パスワードで保護された悪意のあるアーカイブファイル

パスワードで保護された悪意のあるアーカイブファイルとは?

悪意のあるコンテンツを検知できなくするために、攻撃者はパスワードで保護されたファイルやアーカイブを使用することがあります。この場合、ファイルの内容を分析するためのセキュリティソリューションがアーカイブ内部を確認することができないため、悪意のあるコンテンツを検知することができません。これらのファイルは、一般的に使用されている正規のファイルフォーマットに悪意のあるペイロードを隠しており、多くの場合、フィッシングメールや共有ドライブを介して配布されます。

パスワードで保護された悪意のあるファイルはどのように機能するのでしょうか?

パスワードで保護された悪意のあるアーカイブファイルは、ユーザーを騙し、従来型の検査エンジンを回避して、マルウェアやランサムウェアをユーザーのエンドポイントに配信するように設計されています。セキュリティの観点からは、すべてのファイルが検査されるべきですが、パスワードで保護されたファイルは検査することができません。本来であれば、そのようなファイルは途中で止めるべきですが、それを厳しく適用すると業務に悪影響を与えてしまいます。そのためほとんどの組織では、パスワードで保護されたファイルもエンドユーザーに配信するようにセキュリティポリシーを設定しており、攻撃者はそのこと知っています。それが、この攻撃のチャンスなのです。

組織に与える影響はどのようなものでしょうか?

正当なビジネス上の理由で使用されているパスワードで保護されたファイルやアーカイブは、デフォルトで阻止すべきではありません。しかし、いくつかの要因により、個人または組織がパスワードで保護された悪意のあるアーカイブファイルの影響を受けやすくなる可能性があります。それには次の場合が含まれます：

• コンテンツが悪意のあるものであるかどうかを判断するために、主にサンドボックス分析に依存している
• 信頼できないソース（Webまたはメール）から直接ファイルを開いている（接続しているWebサイト、または通信相手のメールユーザーを、必ず検証してください）
• セキュリティポリシーが緩く、特定のファイルタイプまたはアーカイブファイルに関して、すべてを許可するように設定されている

パスワードで保護された悪意のあるアーカイブファイルは、これらの手法を組み合わせて配信される可能性があり、その巧妙さは多様であることに注意しなければなりません。

悪意のあるパスワードで保護されたアーカイブファイルによる攻撃の被害者にならないようにするには、どうすれば良いですか?

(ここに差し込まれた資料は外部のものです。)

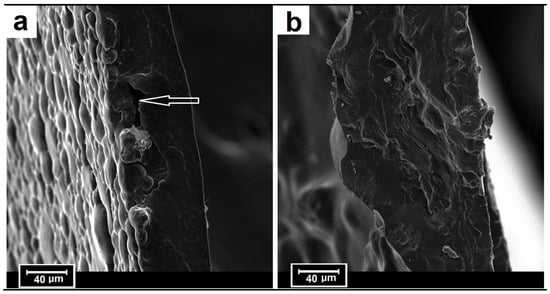 Observations of fracture morphology showed no differences between the samples after tensile tests at different speeds. Representative fracture structures of TPS/P and TPS/PH are shown in Figure 9. TPS/P fractures had a smooth surface (Figure 9a). Some discontinuities in the internal structure of the TPS/P film (shown by the white arrow) are present, which may be the reason for the lower tensile strength. TPS/PH samples have a dense morphology of the fractures with no visible cavities, but with a visible rough surface with brittle fracture characteristics (Figure 9b). Additionally, the appearance of microcracks was noted in the fractures of the TPS/P film under the surface of the bumps caused by the starch granules. Together with the microcracks on the surface (Figure 2b), they indicate the brittle adhesion structure of the gelatin phase around starch granules [37].

パスワードで保護されたアーカイブファイルは、正当なビジネス目的でも日常的に使用されています。そのような状況で、パスワードで保護された悪意のあるアーカイブファイルの被害に遭うリスクを軽減するためには、ユーザーに信頼できるソースからのファイルのみを開くよう徹底し、パスワードで保護されたアーカイブファイルを開くように要求するメールやメッセージには注意させることが重要です。ファイルを要求した覚えがない場合、またはメッセージが疑わしい場合は、特に注意する必要があります。しかし、このようにベストプラクティスに頼ることの問題は、悪意のある添付ファイルを誤って開かないようにするために、ユーザーの誠意に依存することです。組織は、この種の攻撃からの保護を自動的に行えるよう、クラウドベースのブラウザーセキュリティソリューションの導入を検討する必要があります。このようなブラウザーセキュリティソリューションは、ユーザーのエンドポイントデバイスではなく、クラウド内の仮想ブラウザーでユーザーのWebブラウジングセッションを実行し、パスワードを使ってアーカイブのロックを解除します。そしてコンテンツがエンドポイントにダウンロードされる前に脅威をスキャンするため、脅威を確実に防止できます。

ブラウザー内のアクティビティをきめ細かく可視化して制御できるため、組織は攻撃対象を大幅に縮小し、パスワードで保護されたアーカイブファイルを表示する際に、悪意のあるコンテンツや高度に回避的な脅威からユーザーとそのエンドポイントを完全に保護することができます。